[Dataset records]
+++

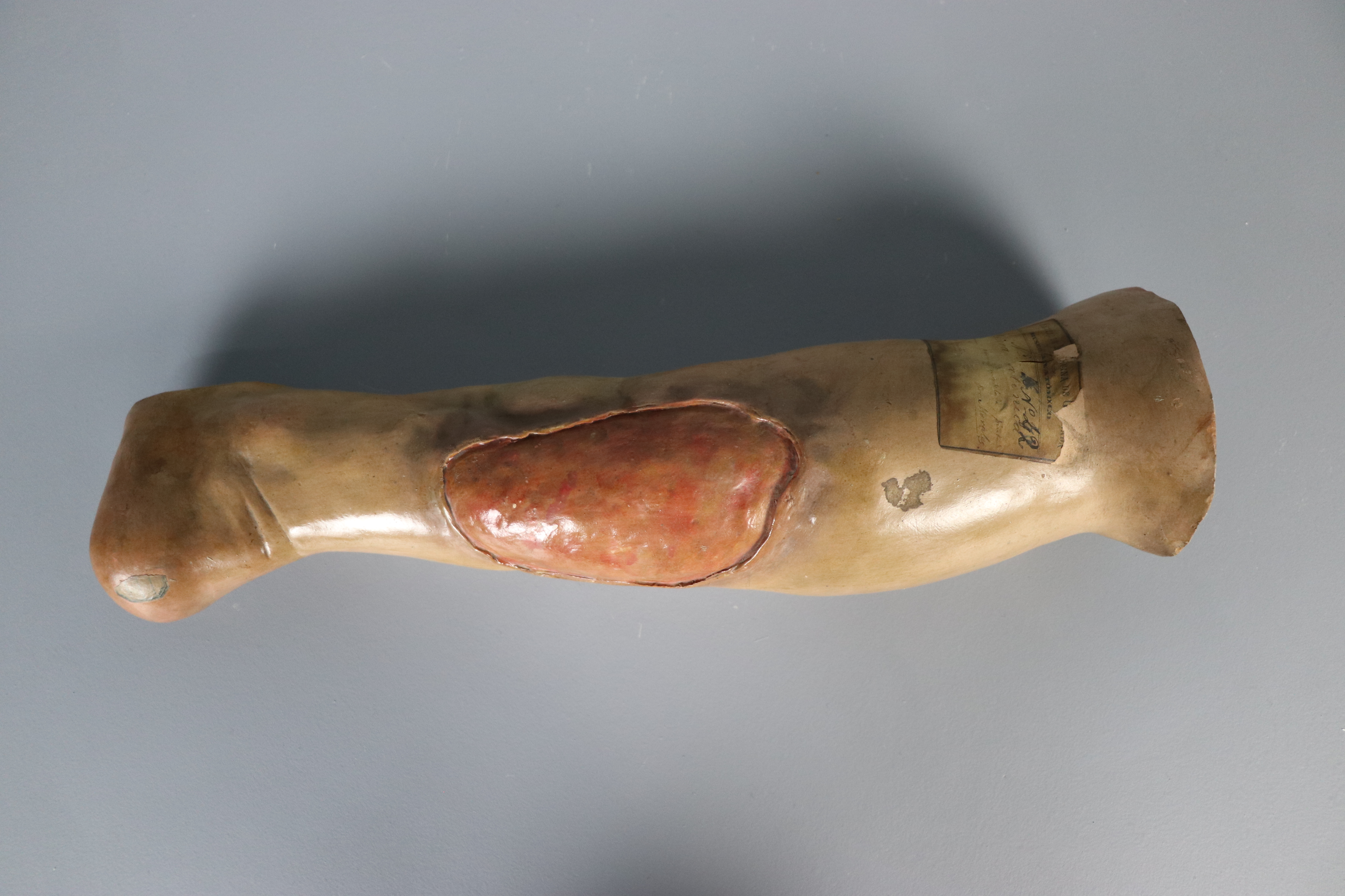 Molde en barro de cara posterior de la pierna, con amplia lesión ulcerosa rosada. Presenta el etiquetado original del Museo Anatómico con el diagnóstico, la numeración (n.º 5) y el catálogo (Dr. Entralla)
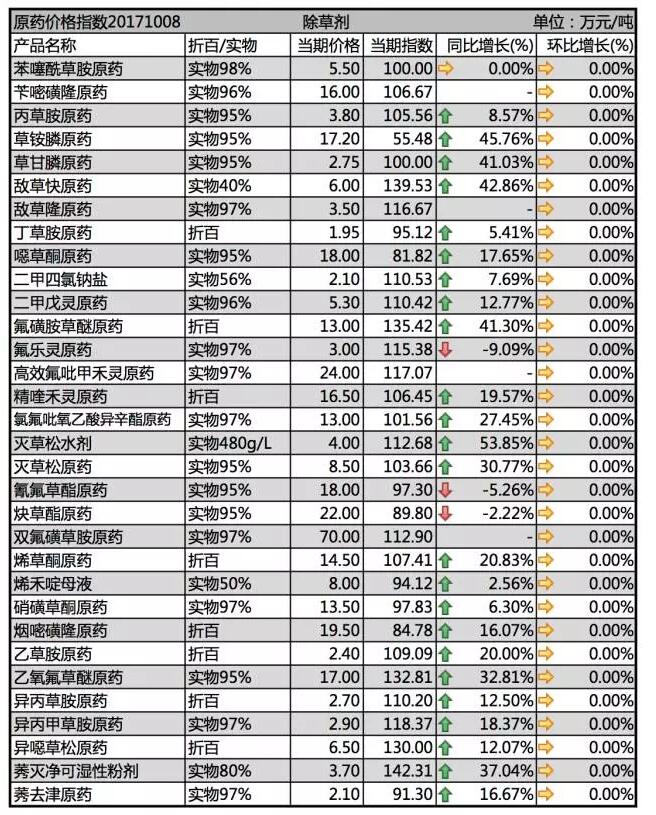 10月初國內(nèi)農(nóng)藥除草劑劑價格行情
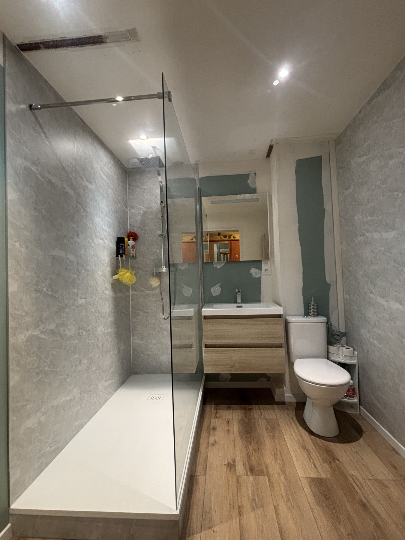 Damplomberie a Doudeville 76560 a réaménagé complètement une salle de bain avec un wc a Saint Laurent En Caux 76560 pour transformé un espace en un cocon fonctionnel et esthétique.
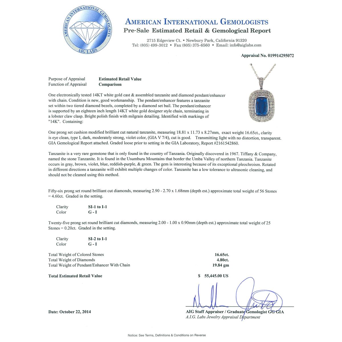 One electronically tested 14KT white gold cast & assembled tanzanite and diamond pendant/enhancer with chain. The pendant/enhancer features a tanzanite set within two tiered diamond bezels, completed by a diamond set bail. The pendant/enhancer is supported by an eighteen inch length 14KT white gold designer style chain, terminating in a lobster claw clasp. Bright polish finish with milgrain detailing. Identified with markings of 14K. Condition is new, good workmanship. Containing: One prong set cushion modified brilliant cut natural tanzanite, measuring 18.81 x 11.73 x 8.27mm, exact weight 16.65ct., clarity is eye clean, type I, dark, moderately strong, violet color, (GIA V 7/4), cut is good. Transmitting light with no distortion, transparent. GIA Gemological Report attached. Graded loose prior to setting in the GIA Laboratory, Report #2161542860.Tanzanite is a very rare gemstone that is only found in the country of Tanzania. Originally discovered in 1967. Tiffany & Company, named the stone Tanzanite. It is found in the Usumburu Mountains that border the Umba Valley of northern Tanzania. Tanzanite occurs in gray, brown, violet, blue, reddish-purple, & green. The gem is interesting because of its exceptional pleochroism. Rotated in different directions a tanzanite will exhibit multiple changes of color. Tanzanite has a low tolerance to ultrasonic cleaning, and should not be cleaned using this method. Fifty-Six prong set round brilliant cut diamonds, measuring 2.90 - 2.70 x 1.68mm (depth est.) approximate total weight of 56 Stones = 4.60ct. Graded in the setting. Clarity: SI-1 to I-1. Color: G - I Twenty-Five prong set round brilliant cut diamonds, measuring 2.00 - 1.00 x 0.90mm (depth est.) approximate total weight of 25 Stones = 0.20ct. Graded in the setting. Clarity: SI-2 to I-1. Color: G - I. Total Weight of Colored Stones 16.65ct. Total Weight of Diamonds 4.80ct. Total Weight of Pendant/Enhancer With Chain 19.84 grams. AIG Appraised at $55,445.00.
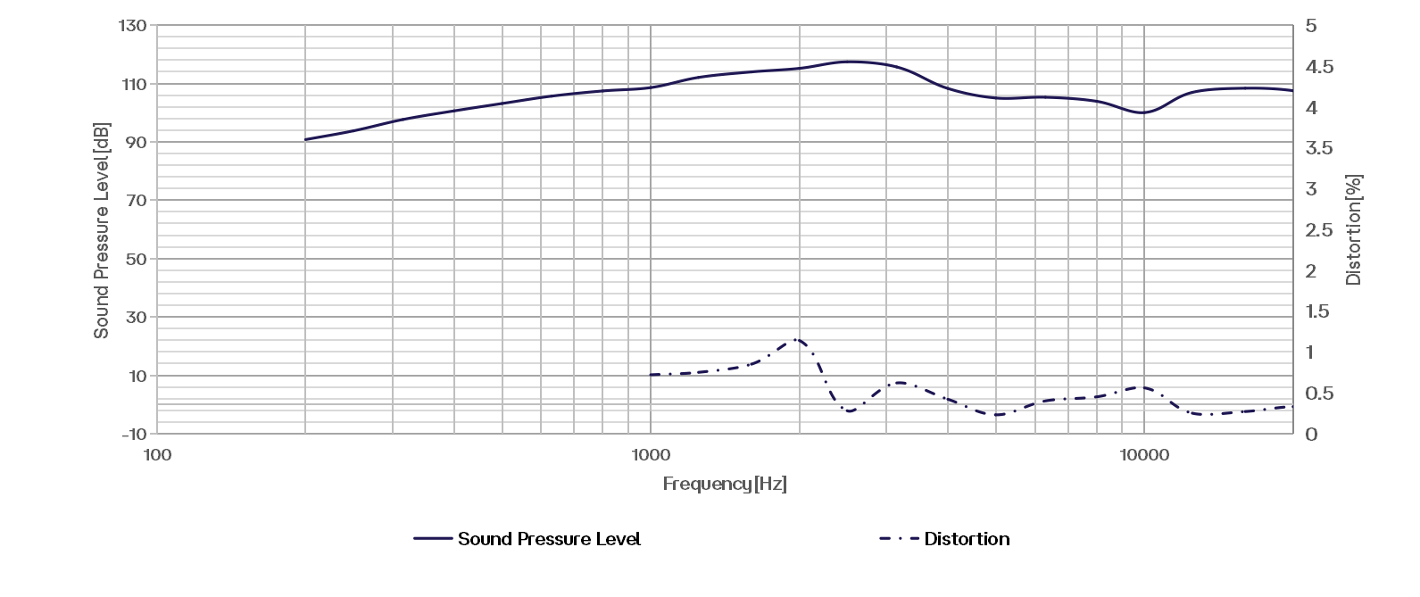 500Hz ~ 40kHz:110dB (25mmMRP);200Hz ~ 50kHz:94dB (25mmMRP)
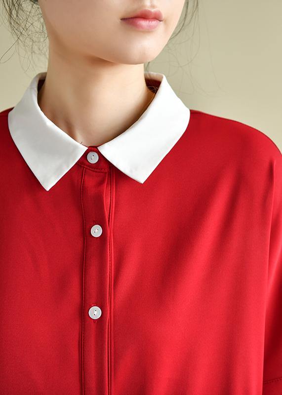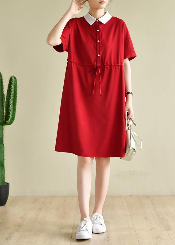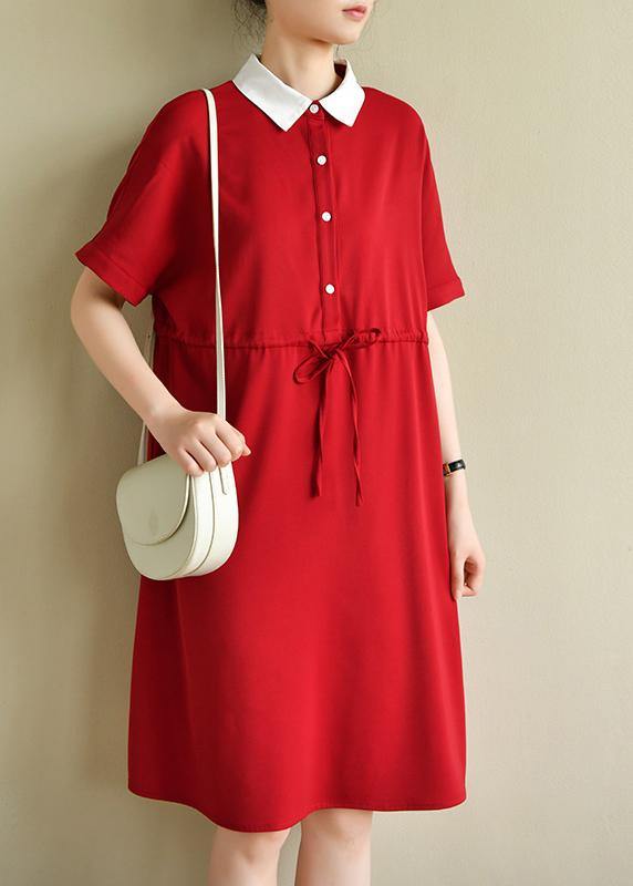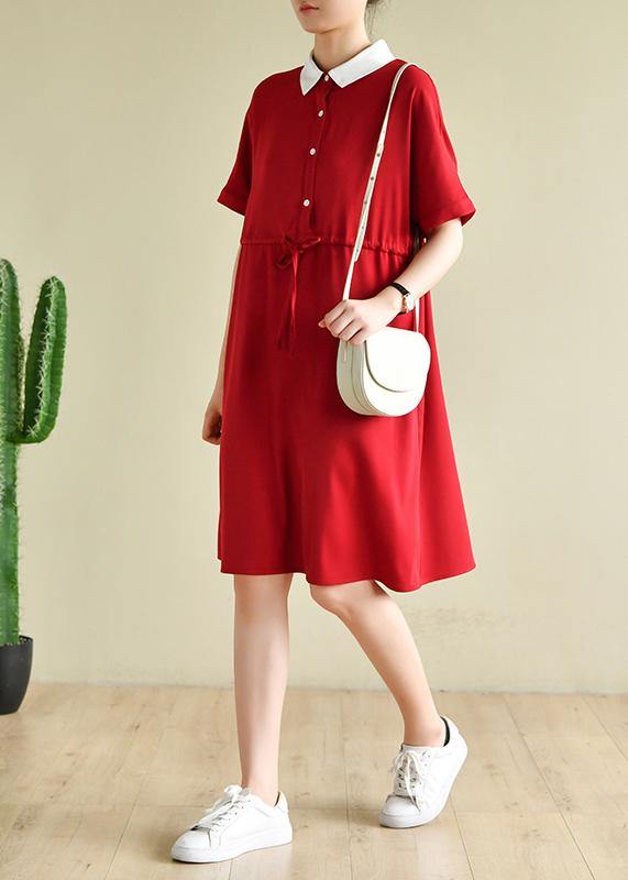 Unique lapel drawstring quilting dresses Neckline red Dress - SooLinen
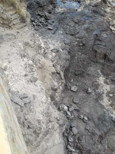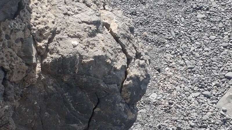 Preocupación entre los vecinos de Clavellinas por el estado de un saliente rocoso que se ha agrietado recientemente y que amenaza con caer sobre una pequeña cala al norte de Salinetas, pasado el puesto de socorrismo.
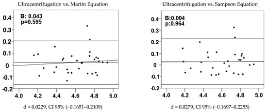 Table 4 displays the average agreement results using p-values calculated from the student’s t-test conducted in each study group. Only in the case of controls without dyslipidemia, when comparing ultracentrifugation vs. Martin and Sampson, did we not obtain significant differences, which means that the methods are concordant. Only Bland–Altman diagrams were performed, which did not show significant differences (Figure 2). The Bland–Altman diagrams show that the comparison of ultracentrifugation with the Martin equation showed a Bland–Altman coefficient B = 0.043 and systematic error d = 0.0229 with agreement limits between −0.1651 and 0.2109. The comparison of ultracentrifugation with the Sampson equation is as follows:
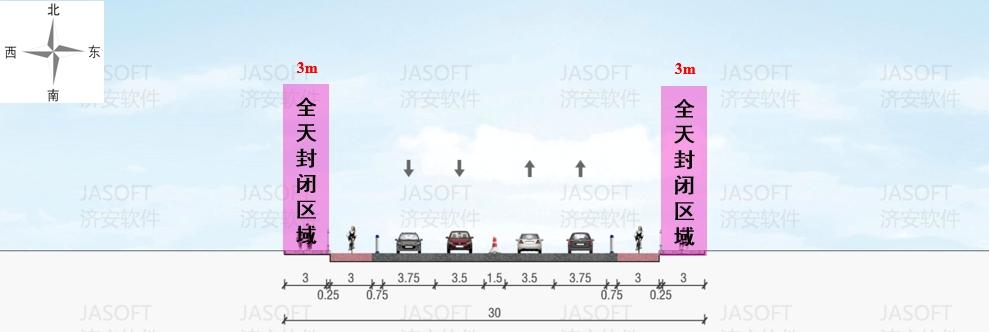 本次施工共分为三个阶段,其中,4月7日-7月23日为第一阶段,全天封闭人行道施工(堤口路-经二路),机动车、非机动车正常通行。
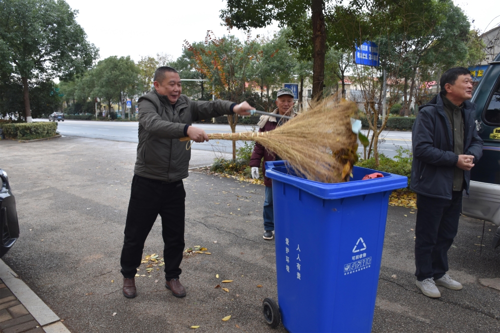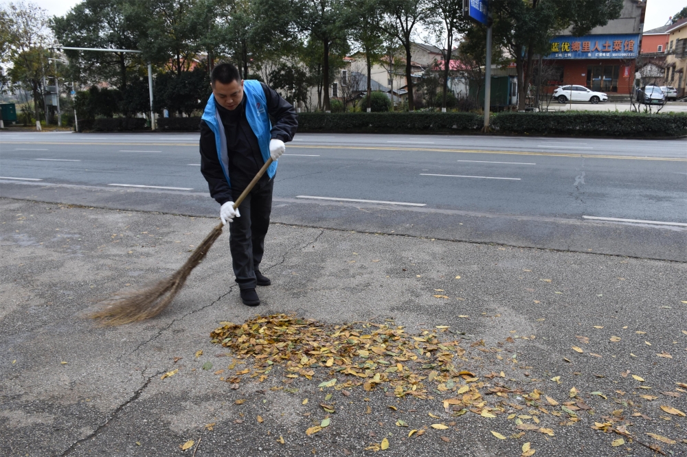 活动当天,气温骤降,低至2度,天气异常寒冷,但仍挡不住党员干部参加环境整治大扫除的热情。活动中大家不畏寒风,迎风而上,挥舞扫帚、铁锹清扫和收集道路上的枯枝落叶,手持夹子和塑料袋捡拾绿化带内的白色垃圾,认真清理辖区内的卫生死角、乱堆乱放。清扫过程中,年轻力壮的男青年干部手操锄头把被大风刮进风景灌木丛中的枯枝和树叶逐一扒出来,然后由女党员干部用扫把扫入簸箕装进专用大号垃袋,在大家的相互配合、共同努力下,清扫垃圾、枯枝落叶和杂物等共12大袋,街面环境整洁一新。

+++

● What to produce: All of the records should be set down exactly, minus the pictures they hold.

● Answer box:
 Molde en barro de cara posterior de la pierna, con amplia lesión ulcerosa rosada. Presenta el etiquetado original del Museo Anatómico con el diagnóstico, la numeración (n.º 5) y el catálogo (Dr. Entralla)
 10月初國內(nèi)農(nóng)藥除草劑劑價格行情
 Damplomberie a Doudeville 76560 a réaménagé complètement une salle de bain avec un wc a Saint Laurent En Caux 76560 pour transformé un espace en un cocon fonctionnel et esthétique.
 One electronically tested 14KT white gold cast & assembled tanzanite and diamond pendant/enhancer with chain. The pendant/enhancer features a tanzanite set within two tiered diamond bezels, completed by a diamond set bail. The pendant/enhancer is supported by an eighteen inch length 14KT white gold designer style chain, terminating in a lobster claw clasp. Bright polish finish with milgrain detailing. Identified with markings of 14K. Condition is new, good workmanship. Containing: One prong set cushion modified brilliant cut natural tanzanite, measuring 18.81 x 11.73 x 8.27mm, exact weight 16.65ct., clarity is eye clean, type I, dark, moderately strong, violet color, (GIA V 7/4), cut is good. Transmitting light with no distortion, transparent. GIA Gemological Report attached. Graded loose prior to setting in the GIA Laboratory, Report #2161542860.Tanzanite is a very rare gemstone that is only found in the country of Tanzania. Originally discovered in 1967. Tiffany & Company, named the stone Tanzanite. It is found in the Usumburu Mountains that border the Umba Valley of northern Tanzania. Tanzanite occurs in gray, brown, violet, blue, reddish-purple, & green. The gem is interesting because of its exceptional pleochroism. Rotated in different directions a tanzanite will exhibit multiple changes of color. Tanzanite has a low tolerance to ultrasonic cleaning, and should not be cleaned using this method. Fifty-Six prong set round brilliant cut diamonds, measuring 2.90 - 2.70 x 1.68mm (depth est.) approximate total weight of 56 Stones = 4.60ct. Graded in the setting. Clarity: SI-1 to I-1. Color: G - I Twenty-Five prong set round brilliant cut diamonds, measuring 2.00 - 1.00 x 0.90mm (depth est.) approximate total weight of 25 Stones = 0.20ct. Graded in the setting. Clarity: SI-2 to I-1. Color: G - I. Total Weight of Colored Stones 16.65ct. Total Weight of Diamonds 4.80ct. Total Weight of Pendant/Enhancer With Chain 19.84 grams. AIG Appraised at $55,445.00.
 500Hz ~ 40kHz:110dB (25mmMRP);200Hz ~ 50kHz:94dB (25mmMRP)
 Unique lapel drawstring quilting dresses Neckline red Dress - SooLinen
 Preocupación entre los vecinos de Clavellinas por el estado de un saliente rocoso que se ha agrietado recientemente y que amenaza con caer sobre una pequeña cala al norte de Salinetas, pasado el puesto de socorrismo.
 Table 4 displays the average agreement results using p-values calculated from the student’s t-test conducted in each study group. Only in the case of controls without dyslipidemia, when comparing ultracentrifugation vs. Martin and Sampson, did we not obtain significant differences, which means that the methods are concordant. Only Bland–Altman diagrams were performed, which did not show significant differences (Figure 2). The Bland–Altman diagrams show that the comparison of ultracentrifugation with the Martin equation showed a Bland–Altman coefficient B = 0.043 and systematic error d = 0.0229 with agreement limits between −0.1651 and 0.2109. The comparison of ultracentrifugation with the Sampson equation is as follows:
 本次施工共分为三个阶段,其中,4月7日-7月23日为第一阶段,全天封闭人行道施工(堤口路-经二路),机动车、非机动车正常通行。
 活动当天,气温骤降,低至2度,天气异常寒冷,但仍挡不住党员干部参加环境整治大扫除的热情。活动中大家不畏寒风,迎风而上,挥舞扫帚、铁锹清扫和收集道路上的枯枝落叶,手持夹子和塑料袋捡拾绿化带内的白色垃圾,认真清理辖区内的卫生死角、乱堆乱放。清扫过程中,年轻力壮的男青年干部手操锄头把被大风刮进风景灌木丛中的枯枝和树叶逐一扒出来,然后由女党员干部用扫把扫入簸箕装进专用大号垃袋,在大家的相互配合、共同努力下,清扫垃圾、枯枝落叶和杂物等共12大袋,街面环境整洁一新。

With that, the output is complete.